Let us turn now to Michael Behe, who in 1996 gave this argument the label "irreducible complexity". A biochemist by training, Behe's focus has been on adaptation at the molecular level. He describes several phenomena that have been revealed by research in biochemistry and molecular biology, including the clotting of blood, and the bacterial flagellum. In each case, he argues as Pritchard did, describing the complexity of the system in detail, and arguing that any change to a single component would be harmful. And he concludes, as Pritchard did, that such a system could not evolve by natural selection.

We already know, of course, that this reasoning is fallacious: systems of interrelated parts can evolve by natural selection. Behe knows this too:

Demonstration that a system is irreducibly complex is not a proof that there is absolutely no gradual route to its production. Although an irreducibly complex system can't be produced directly, one can't definitively rule out the possibility of an indirect, circuitous route. (Behe, 1996, speech delivered to the Discovery Institute)
This is the same point that Darwin made in a passage quoted above. But Behe goes on to say that "as the complexity of an interacting system increases, the likelihood of such an indirect route drops precipitously." This sounds plausible, but Behe provides no evidence that it is true. And we have reason to think it is false, for recent evidence has undermined Behe's claims even for the most complex systems.

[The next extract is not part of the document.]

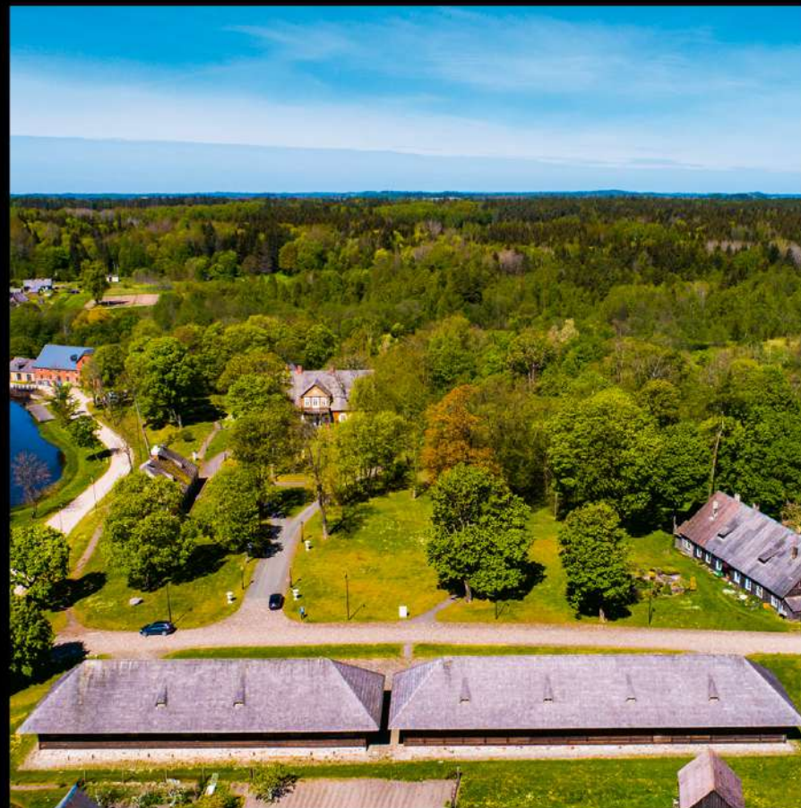
Biržuvėnų dvaras. Mediniame XVIII–XIX a. dvare įkurta muziejinė ekspozicija, vyksta parodos, renginiai. 2005 m. dvaro sodyboje buvo iškastas grafų Gorskųjų porcelianas.

Kurtuvėnai Manor. Kurtuvėnai manor has been the cultural and economic centre of the region for more than 400 years. The most valuable of all the manor buildings in the ensemble is the 18th century baroque wooden barn.

Consider the case of the eubacterial flagellum, an appendage the propels some bacteria through the liquids in which they live. The flagellum is powered by an assembly of perhaps 30 proteins, which Behe has described as an example of irreducible complexity. Remove even one of these crucial proteins, and the flagellum will cease to operate. For this reason, Behe claims that the flagellum cannot have evolved by natural selection.

Note that this argument is identical in structure to Pritchard's. The flagellum, like the eye, consists of multiple interacting parts, all of which are required for the organ to function. Each part presupposes all the others, and such systems cannot evolve by natural selection...according to Behe (or to Pritchard).

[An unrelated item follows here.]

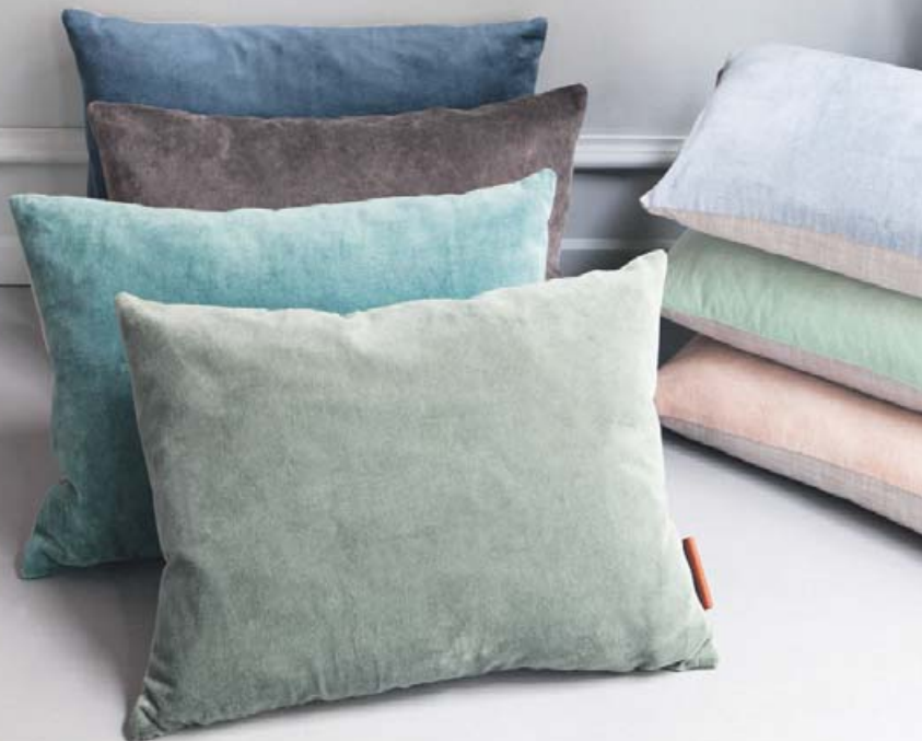
VELVET SOFT PÚÐAR 30X50 KR. 4.700

We know how Pritchard's argument has fared. That of Behe has fared little better. It turns out that a reduced system, containing a subset of the flagellar proteins, is found in some pathogenic bacteria. This reduced system functions not as a flagellum, but as a hypodermic syringe. It is used to inject toxins into the cells of the host. This suggests that the flagellar proteins evolved first in this pathogenic context, and were then incorporated during the evolution of the flagellum.

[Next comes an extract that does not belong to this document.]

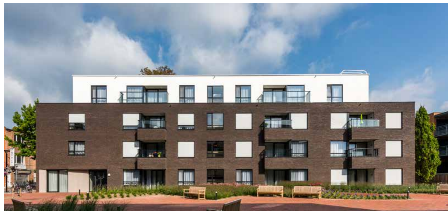
abv+ architecten, Antwerpen
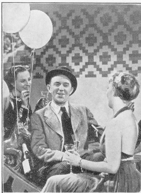
Theo Lingen in einer lustigen Szene des neuen Lustspiels «Drunter und drüber».

Nous reproduisons ces «conseils» car ils nous paraissent empreints d'une psychologie bien féminine, mais Myrna Loy ne manque pas d'ajouter malicieusement qu'il ne faut pas les suivre à la lettre, parce qu'alors la femme qui le ferait deviendrait une épouse parfaite et que la perfection ennuie toujours les hommes.

This illustrates an important principle: an adaptive complex, evolved for one purpose, may later acquire another. This is an idea as old as Darwin:

The illustration of the swimbladder in fishes is a good one, because it shows us clearly the highly important fact that an organ originally constructed for one purpose, namely flotation, may be converted into one for a wholly different purpose, namely respiration. (Darwin, Origin of Species, 1st edn, p 190)
As the case of the bacterial flagellum illustrates, this principle is a major defect in the argument from irreducible complexity.

Behe has also proposed that the vertebrate blood clotting cascade exhibits irreducible complexity. Contrary to this claim, recent research (described here and here) has shown that several organisms manage to survive with subsets of this system. Because the subsets are functional, it cannot be true that the full system exhibits irreducible complexity, Behe's claims notwithstanding.

All these examples suggest the same conclusion: there is no reliable way to identify systems that could not have evolved by natural selection. The argument from irreducible complexity is no more reliable now than it was in the days of Charles Pritchard.